Finally, qPCR assays in LCLs from an independent sample of 402 participants with varying SCD validated the fold changes observed in microarray data for 5/6 of the most SCD-sensitive XCIE and XCI cluster genes (Methods, Fig. S2e). To independently extend these observations, we measured gene expression by qPCR in novel karyotype groups not represented in our microarray dataset (XXXY, XXXXY, Methods) and were able to confirm reduction in expression with greater X-chromosome dosage for 2 of 3 XCI cluster genes (Fig S2f, NGFRAP1, CXorf57), and Y-chromosome dosage effects upon expression for 5 of 6 X-linked genes from XCI and XCIE clusters (Fig S2g, downregulation: NGFRAP1, CXorf57 | up-regulation: PIM2, PRKX). Taken together, these findings update the canonical Four Class Model of SCD compensation for specific Y-linked and X-linked genes, and expand the list of X-linked genes capable of mediating wider phenotypic consequences of SCD variation.

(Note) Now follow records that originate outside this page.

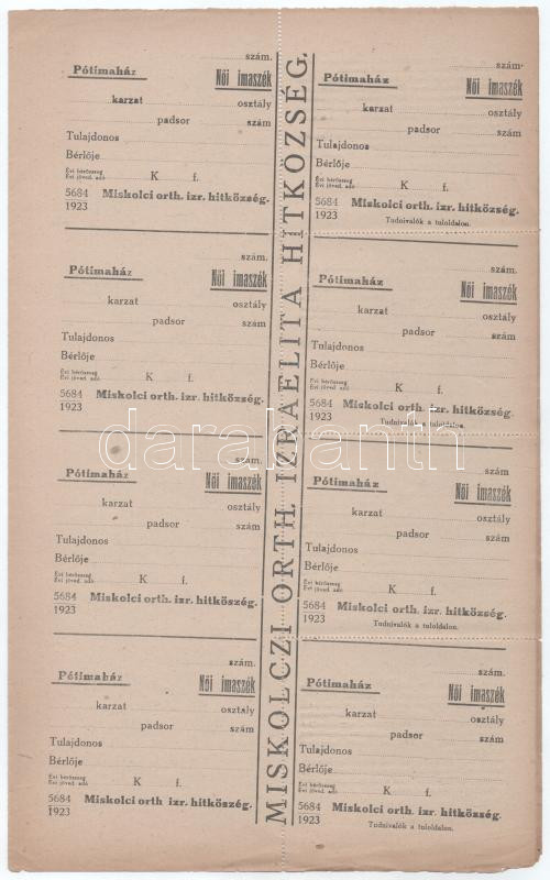 1923. "Miskolci orth. izr. hitközség / Pótimaház" női imaszékre szóló bárca, kitöltetlen, ellenőrzőszelvénnyel, perforált ívben, ortodox izraelita hitközség (összesen 8 pár) / Hungary 1923. "Orthodox Jewish Congregation of Miskolc / Alternative prayer house" paper token for a women's prayer chair, blank, with a check slip, in a perforated sheet (8 pairs in total)
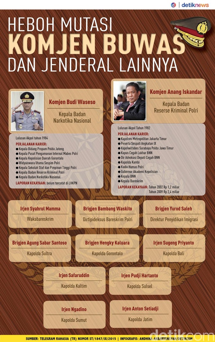Jakarta - Kabareskrim Komjen Budi Waseso dipastikan bertukar posisi dengan Kepala Badan Narkotika Nasional (BNN) Komjen Anang Iskandar. Bagaimana profil mereka dan siapa saja jenderal yang dimutasi lainnya?
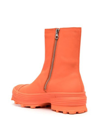 Traktori leather ankle boots Highlights - Orange - Leather - Almond toe - Rubber toecap - Side zip fastening - Flat rubber sole - Ankle-length Imported Composition Outer: Leather 95%, Rubber 5% Lining: Recycled Polyester 46%, Leather 17% Sole: Rubber 100% SIZE & FIT Measurement CIRCUMFERENCE 12.2 in(31 cm) HEEL 1.96 in(5 cm) HEIGHT 6.88 in(17.5 cm) Sole height 1.18 in(3 cm)
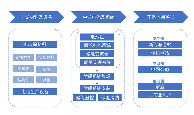 從整個產(chǎn)業(yè)鏈角度看,儲能產(chǎn)業(yè)鏈上游主要為材料及設備供應,中游主要為儲能系統(tǒng)的集成與制造,下游主要為電力系統(tǒng)儲能、備用電源及其他領域等。
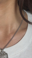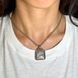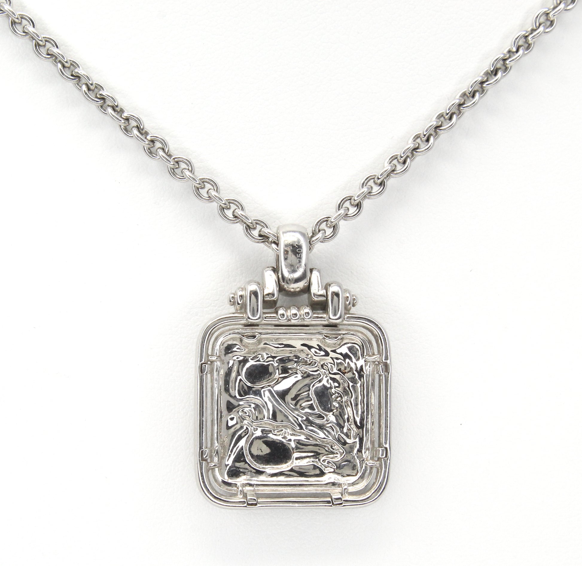 Carrera Y Carrera 18K white gold pendant necklace featuring a rectangular plaque pendant with sculpted relief detail and a substantial hinged bail, suspended from a solid cable chain. The piece weighs 24.6 grams and measures 33.6 mm by 22.9 mm, offering a bold, polished look suitable for everyday wear or layering.

Context-Specific Disruption of Autosomal Expression by Sex Chromosome Aneuploidy
We next leveraged the diverse SCAs represented in our study to assess how SCD variation shapes expression on a genome-wide scale. By counting the total number of differentially expressed genes (DEGs, Methods) in each SCA group relative to its respective euploidic control (i.e XO and XXX compared with XX; XXY, XYY, XXYY compared with XY), we detected order of magnitude differences in DEG count amongst SCAs across a range of log2 fold change (log2FC) cut-offs (Fig. 3a,b). We observed an order of magnitude increase in DEG count with X-chromosome supernumeracy in males vs. females, which although previously un-described, is congruent with the more severe phenotypic consequences of X-supernumeracy in males vs. females (17). Overall, increasing the dosage of the sex chromosome associated with the sex of an individual (i.e. X in females and Y in males) had a far smaller effect than other types of SCD changes. Moreover, the ~20 DEGs seen in XXX contrasted with >2000 DEGs in XO – revealing a profoundly asymmetric impact of X-chromosome loss vs. gain on the transcriptome of female LCLs, which echoes the asymmetric phenotypic severity of X-chromosome loss (Turner) vs. gain (XXX) syndromes in females (6).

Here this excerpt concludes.